Blood Pressure (BP) was measured after 10 min of rest, with the patient sitting in a back-supporting position, with their legs uncrossed, feet flat on the floor, and arm at heart level. 2 measurements were obtained, and the mean was used in the current study.
Some patients were evaluated through ankle–brachial index measurement. The patients sat in a supine position, and using a portable Doppler ultrasound and blood pressure cuffs, systolic BP was measured in both arms and legs. The ankle–brachial index was calculated as the ratio of ankle to brachial systolic BP.

2.4. Biological Assessment

The biological assessment included HbA1c (normal values <5.7%), glycaemia (normal range: 70–100 mg/dL), total cholesterol (normal range: 50–200 mg/dL), HDL-cholesterol (normal value, <55 mg/dL), LDL-cholesterol (normal value according to cardiovascular risk score, mostly <55 mg/dL), triglycerides (normal range: 50–150 mg/dL), uric acid (normal value 2.40–5.7 mg/dL), creatinine (normal value 0.50–1.10 mg/dL), TGO (normal value <32 UI/L), TGP (normal value <33 UI/L), GGT (normal value 5.00–36.00 UI/L), eGFR (normal value >60 mL/min/17.3 m2), urea (normal value 7.40–49.00 mg/dL), haemoglobin (normal value 11.70–15.00 g/dL), hematocrit (normal value 36.00–48.00 mg/dL), platelets (normal value 150.00–450.00/uL), urinary albumin–creatinine ratio (UAC normal value <30 mg/g creatinine).

2.5. MASLD Assessment

The diagnosis of MASLD was established based on abdominal ultrasonography (US), performed by the same operator using a Philips HD11XE system (Philips, Washington, DC, USA) equipped with a C5-2 convex array probe (2.0–5.0 MHz). Hepatic steatosis was diagnosed based on increased hepatic echogenicity relative to the renal cortex (hepatorenal contrast), posterior beam attenuation, and blurring of intrahepatic vascular structures, in accordance with standard US criteria. After the confirmation of hepatic steatosis, the diagnosis of MASLD was made based on the presence of T2D, as per the cardiometabolic criteria. Other causes of secondary steatosis, such as ALD, MetALD, drug-induced liver injury, monogenic diseases, and chronic viral hepatitis B or C infection, and cryptogenic hepatic steatosis, were excluded.

2.6. Ethical Approval

This study was conducted in accordance with the Helsinki Declaration and received ethical approval from the Ethical Committee of the NC Paulescu National Institute of Diabetes Mellitus, Nutrition and Metabolic Disorders, Bucharest, Romania, number 3196, dated 7 July 2023.

2.7. Statistical Analysis

Statistical analysis was performed using PSPP 2.1.1. and Excel 2021 software.
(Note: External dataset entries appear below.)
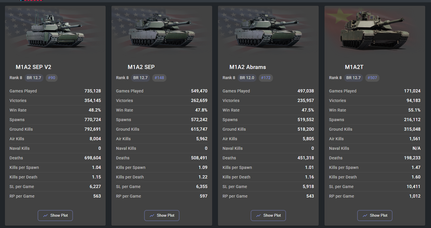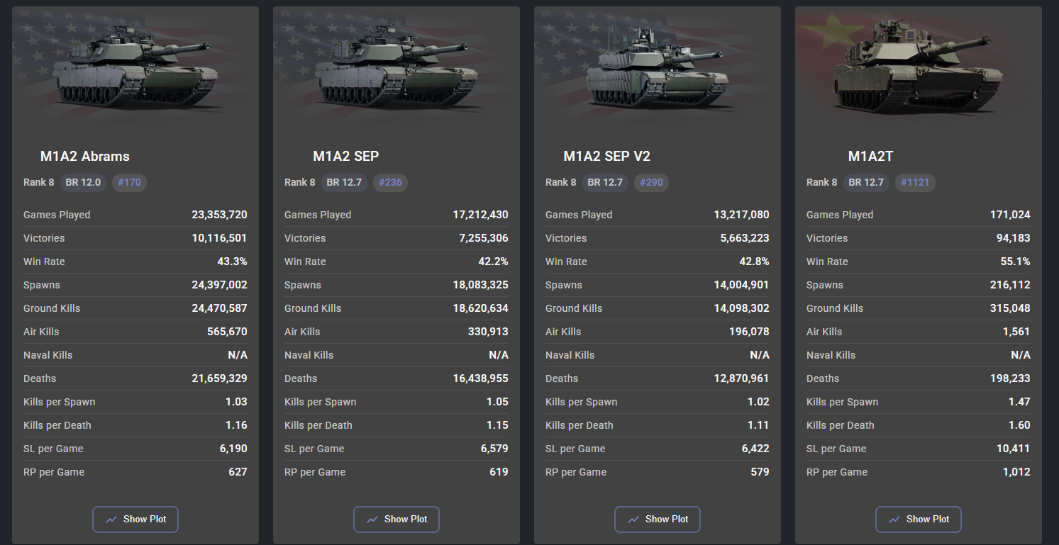 This braindead take again? if you combine the games played of the 2 Abrams tanks at 12.7 for December, You end up with almost 10 times as many games played. games played and the matchmaking of the nation tends to have an effect on stats.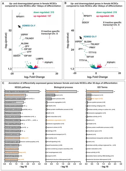 (A,B) Ribosomal Protein S4 Y-Linked 1 (RPS4Y1) and KDM5D (depicted in cyan, arrows) were most significantly downregulated in female NCSCs after 14 days and 30 of differentiation compared their male counterparts. (C) Differentially expressed genes between male and female NCSCs belonged, among others, to the osteogenic-related KEGG pathways and GO terms (depicted in orange). * padj < 0.05 was considered significant.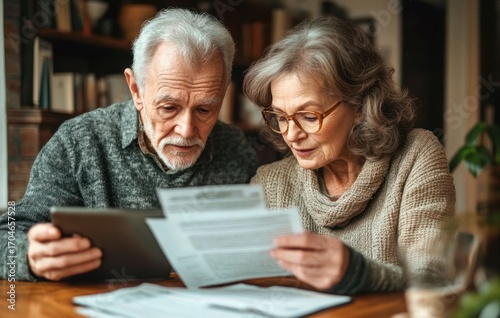 elderly couple closely reviewing paperwork and tablet together at home in a cozy setting with focused expressions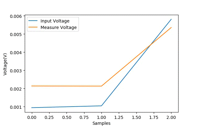 将AD8302输出信号通过取指数运算,重新转换成实际电压信号。下图显示了AD8302输出值对应的电压信号(黄线)与实际输入信号(蓝线)之间的对比。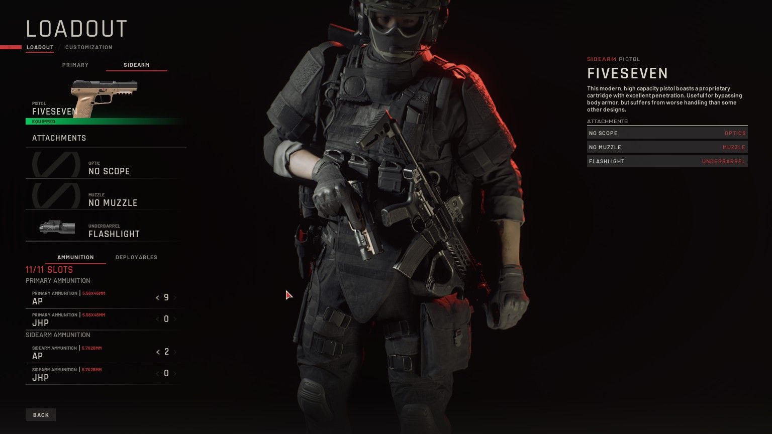 Secondary Weapon | Five-Seven with flashlight and optional red dot sight |
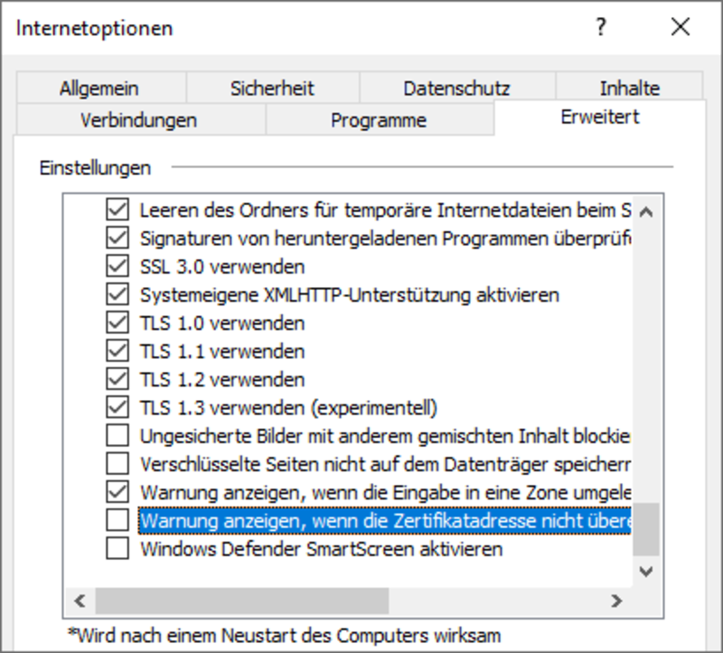 - Aktivieren Sie alle Einträge, die mit „SSL …” und „TLS …” beginnen.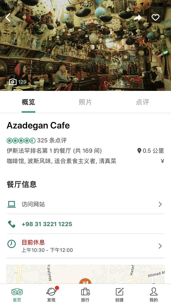 网红店,餐厅从墙壁到天花板都装饰着各种灯具等装饰品,就是位置不是特别好找,不过就在巴扎周围,千万别跟着导航走。 【价格】人均20万 IRR人山人海,还是需要等位置先找个“3人桌”坐下,小伙伴们点菜时也是吸...

Continuous variables were assessed for normality using the Shapiro–Wilk test and are presented as mean, standard deviation, or median and interquartile range. Categorical variables are expressed as frequencies and percentages. Comparisons between groups were conducted using the independent-samples t-test or the Mann–Whitney U test for continuous variables, and the chi-square test for categorical variables. Univariable logistic regression analysis was initially performed to evaluate the association between each variable and the presence of ASCVD. Subsequently, multivariable logistic regression models were constructed to assess independent predictors.
A baseline model including traditional cardiometabolic risk factors (age, gender, HbA1c, LDL-C, smoking status, MetS, T2D complications) was first developed. Hepatic fibrosis scores (FIB4 and ALERT) were added to evaluate the incremental predictive value. Separately, antidiabetic therapies (iSGLT2, GLP-1 Ra, iDPP4, sulfonylurea, insulin) were included followed by a fully adjusted model incorporating both hepatic and therapeutic variables.
Regression coefficients, odds ratios, 95% confidence intervals, and p-values were reported. A p-value < 0.05 was considered statistically significant. ROC curve analyses were performed to evaluate the discriminative ability of individual predictors for the presence of ASCVD. The AUC values reported in the tables under the ROC curves therefore correspond to individual variables included in each regression model. Because of the limited sample size and the small number of patients without ASCVD, formal model-level AUC comparisons based on predicted probabilities from the full multivariable models were not performed.

3. Results

Of the 101 patients initially screened for eligibility, 22 were excluded due to incomplete data, including incomplete biological profiles, missing medication data, incomplete ASCVD assessment, or unavailable abdominal ultrasound examination. Three patients refused to participate, and 30 patients met the exclusion criteria. Therefore, 46 patients were included in the final analysis, as shown in Figure 1.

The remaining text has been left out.